You are an advisor for a group of seventh graders. Can you tell me a bit about that? What does a typical advisory period look like for your boys?

First of all, shout out to my co-advisor, Upper School Learning Specialist Meghan Wall. She’s a pro at this. Together we help the boys manage the stress of remote learning while also cultivating a sense of community. We try to have a different “theme” for each day of the week: Management Monday (planning), Tune Tuesday (boys share their favorite music), Word-up-Wednesday (current events and social issues), Thankful Thursday (gratitude practice), and Fun Friday (games, etc.).

 

Last summer, you taught classes on poetry and editorial writing during A-S Summer Bridge. Can you tell me a bit about both of those classes and why you chose to teach them?

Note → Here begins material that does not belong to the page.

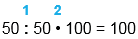50 : 50 • 100 = 100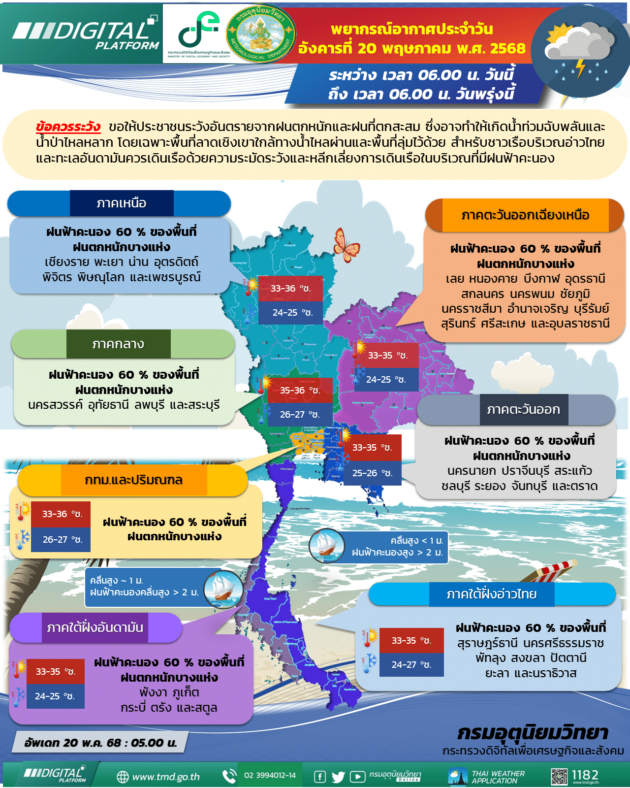 สถานการณ์ฝนฟ้ายังคงน่าเป็นห่วง วันที่ 20 พฤษภาคม 2568 กรมอุตุนิยมวิทยา ได้ออกประกาศพยากรณ์อากาศสำหรับ 24 ชั่วโมงข้างหน้า โดยคาดการณ์ว่าหลายภูมิภาคของประเทศไทยจะยังคงเผชิญกับสภาวะฝนตกหนักอย่างต่อเนื่อง ซึ่งจำเป็นต้องเฝ้าระวังผลกระทบที่อาจตามมาอย่างใกล้ชิด

Because of the pandemic, I was eager to find a way to fill the time I would otherwise spend travelling with something productive. Though I’ve always made editorial writing and poetry part of my standard English curriculum, I wanted the opportunity to create a course dedicated to these two topics specifically. They are both types of writing that I enjoy, and both offer students a set of skills that they can carry with them beyond the classroom.

 

Do you have any other roles at Allen-Stevenson that our community may not know about?

I’m part of a team of teachers working on English/History interdisciplinary curriculum, and I help out with Monday Morning Meeting – though most in the Upper and Middle School probably know that already.